DATA section start
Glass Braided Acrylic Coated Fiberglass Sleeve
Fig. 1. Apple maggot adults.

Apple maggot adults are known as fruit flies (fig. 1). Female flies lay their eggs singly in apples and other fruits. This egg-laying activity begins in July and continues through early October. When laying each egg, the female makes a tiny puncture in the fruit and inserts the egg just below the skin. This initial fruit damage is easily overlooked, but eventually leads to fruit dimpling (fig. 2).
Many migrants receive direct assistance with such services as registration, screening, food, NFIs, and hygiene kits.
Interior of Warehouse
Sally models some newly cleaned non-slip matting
DATA section end
DATA section start
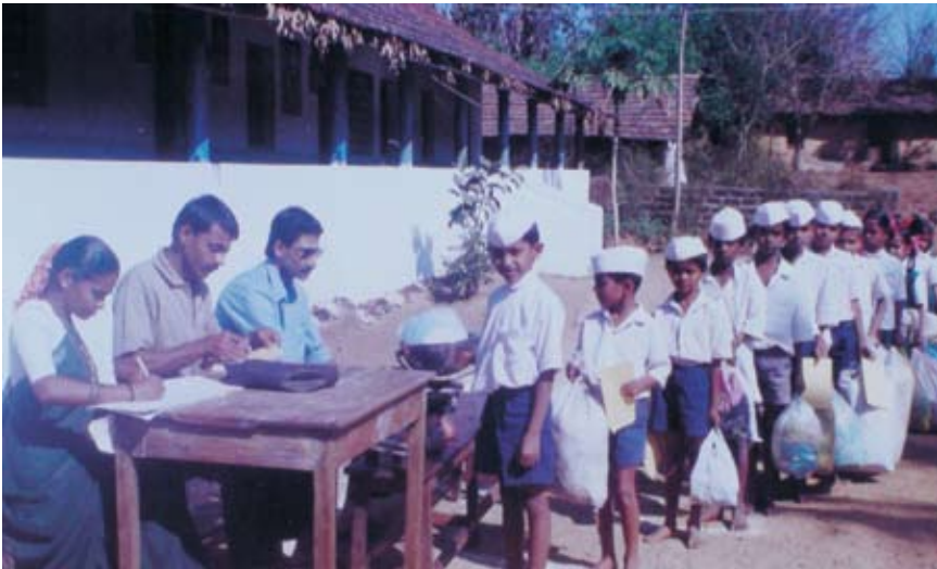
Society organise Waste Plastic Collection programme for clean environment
DATA section end
DATA section start
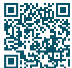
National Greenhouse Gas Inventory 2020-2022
DATA section end
**PROBLEM DESCRIPTION**
When you reach the line with "Apple maggot adults are" in the records above, start writing out lines exactly, and stop once the line with "Sally models some" has been written; include nothing else.

**TASK RESULT**
Apple maggot adults are known as fruit flies (fig. 1). Female flies lay their eggs singly in apples and other fruits. This egg-laying activity begins in July and continues through early October. When laying each egg, the female makes a tiny puncture in the fruit and inserts the egg just below the skin. This initial fruit damage is easily overlooked, but eventually leads to fruit dimpling (fig. 2).
Many migrants receive direct assistance with such services as registration, screening, food, NFIs, and hygiene kits.
Interior of Warehouse
Sally models some newly cleaned non-slip matting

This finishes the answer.